[[ Records for the exercise, beginning ]]

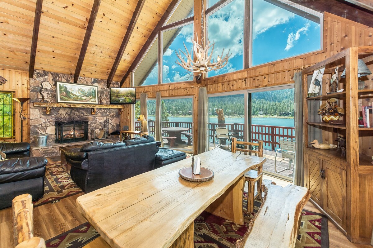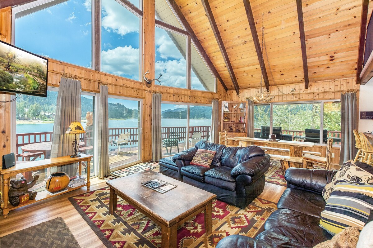 This cabin is not only a lakefront; it elevates over the lake and has the best water views Big Bear has to offer. With its own private dock and situated on almost a 1/2 acre with a fully fenced yard, this unique property has much to offer. In the winter, enjoy the views from your private hot tub overlooking the lake and snowcapped mountains. This cabin is very spacious and offers sleeping for 10, as well as a game room with a pool table. Big Bear has plenty of fun things to do, but you may just find yourself enjoying the views from this cabin all day long.
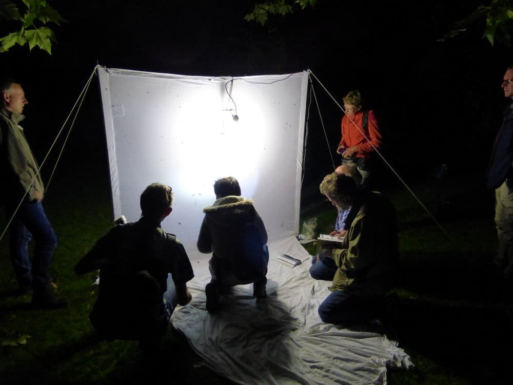 Vanaf de schemering zullen nachtvlinders op het licht af komen. Wanneer de lamp weer uit gaat vliegen de vlinders weer verder. Zo kunnen we ze bekijken zonder dat de vlinders en last van hebben.
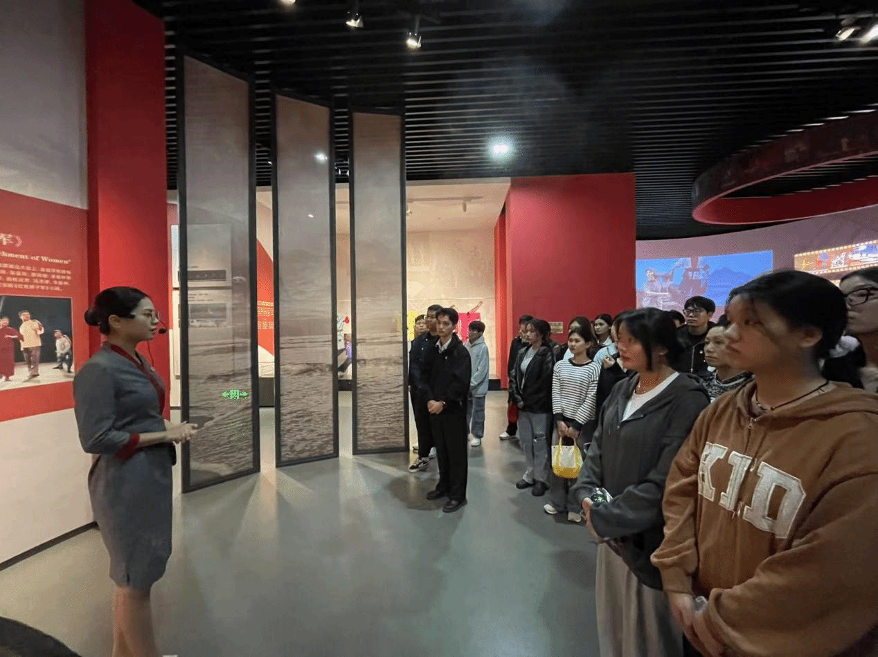 在讲解员的带领下,大家深入了解红色娘子军伏击沙帽岭、火烧文市炮楼、保卫文魁岭的英勇事迹。馆内文物、纪实作品生动展现了红色娘子军的战斗历程和生活场景,一幅幅画卷将波澜壮阔的琼崖革命史生动呈现在同学们的眼前。大家认真聆听,感受革命先辈们“巾帼不让须眉”的豪迈气概,顽强抗争、不怕牺牲的革命精神和对理想信念的执着追求。
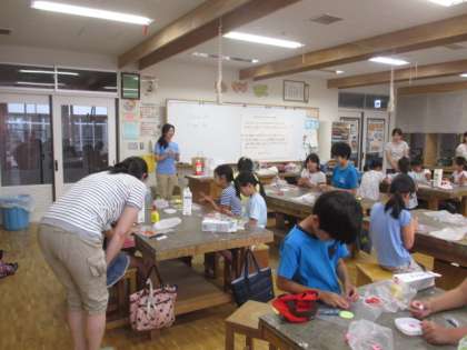 今日は3〜6年生によるミニチュアンインエッグでした。耳などの細かいパーツを紙粘土で丁寧に作っています。かわいらしい作品ができあがりました。
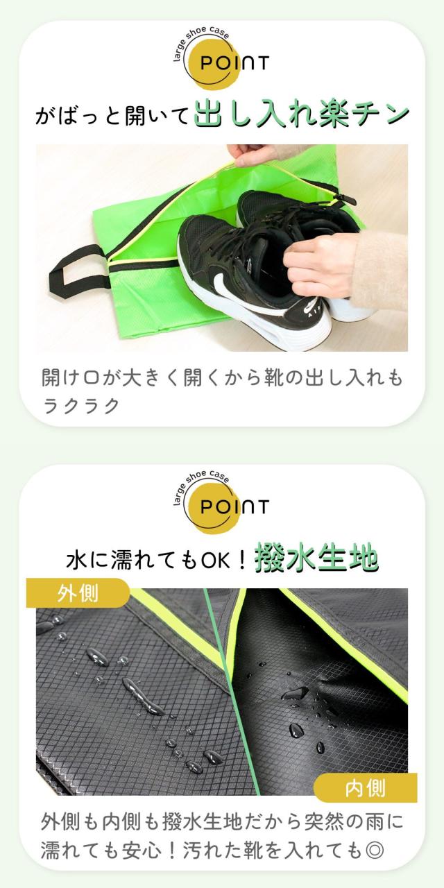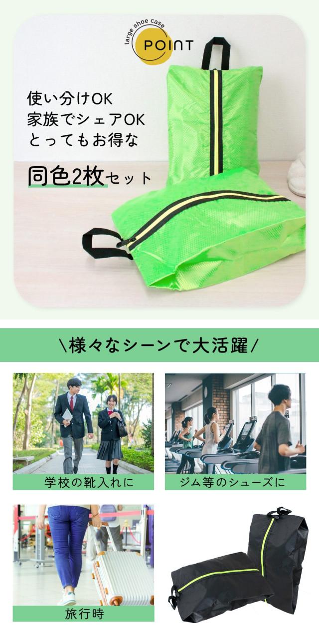 シューズケース/2枚セット/大きめ/29cmまで対応/撥水/ファスナー/シンプル/コンパクト/持ち運び/メンズ/レディース/男女兼用/収納ケース/靴/ブーツ/衣替え/スニーカー/ハイカット/ローファー/ビジネスシューズ/ジム/トレーニング/旅行/バッグインバッグ/外履き/内履き/卒業式/始業式/アウトドア/折りたたみ/不透明/上履き/室内履き/出し入れ楽/靴袋/靴入れ/靴収納/くつ/シューズバッグ/
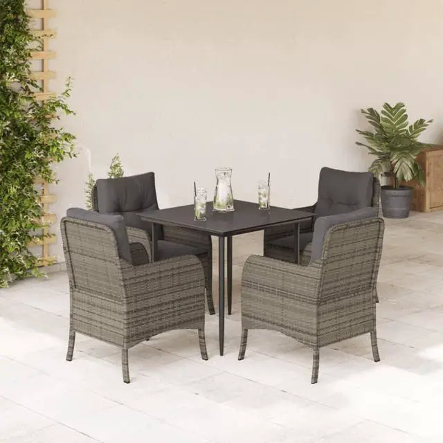 vidaXL Patio Dining Set with Cushions Garden Furniture 5 Piece Gray Poly Rattan
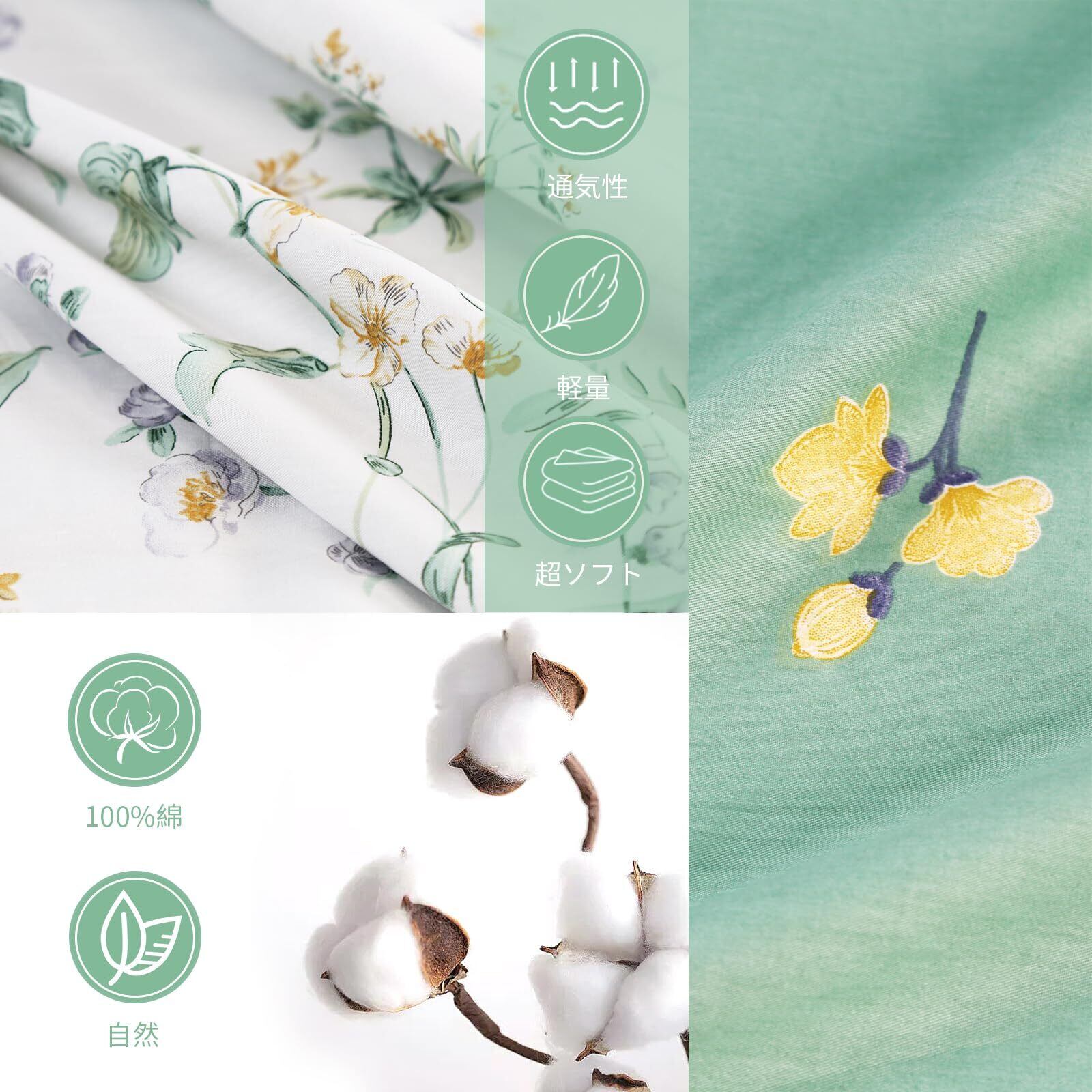 【新春セール】KEAYOO 掛け布団カバー 綿100% 単品売り 掛けカバー シングル 優しい肌触り 柔らかい 防臭 通気性 抗菌 四季通用 緑 シングル

[[ Records for the exercise, end ]]

The task
Please print the lines above exactly, beginning at the first line of the entries and ending at the line holding "今日は3〜6年生によるミニチ", and leave the pictures out.

Your solution
 This cabin is not only a lakefront; it elevates over the lake and has the best water views Big Bear has to offer. With its own private dock and situated on almost a 1/2 acre with a fully fenced yard, this unique property has much to offer. In the winter, enjoy the views from your private hot tub overlooking the lake and snowcapped mountains. This cabin is very spacious and offers sleeping for 10, as well as a game room with a pool table. Big Bear has plenty of fun things to do, but you may just find yourself enjoying the views from this cabin all day long.
 Vanaf de schemering zullen nachtvlinders op het licht af komen. Wanneer de lamp weer uit gaat vliegen de vlinders weer verder. Zo kunnen we ze bekijken zonder dat de vlinders en last van hebben.
 在讲解员的带领下,大家深入了解红色娘子军伏击沙帽岭、火烧文市炮楼、保卫文魁岭的英勇事迹。馆内文物、纪实作品生动展现了红色娘子军的战斗历程和生活场景,一幅幅画卷将波澜壮阔的琼崖革命史生动呈现在同学们的眼前。大家认真聆听,感受革命先辈们“巾帼不让须眉”的豪迈气概,顽强抗争、不怕牺牲的革命精神和对理想信念的执着追求。
 今日は3〜6年生によるミニチュアンインエッグでした。耳などの細かいパーツを紙粘土で丁寧に作っています。かわいらしい作品ができあがりました。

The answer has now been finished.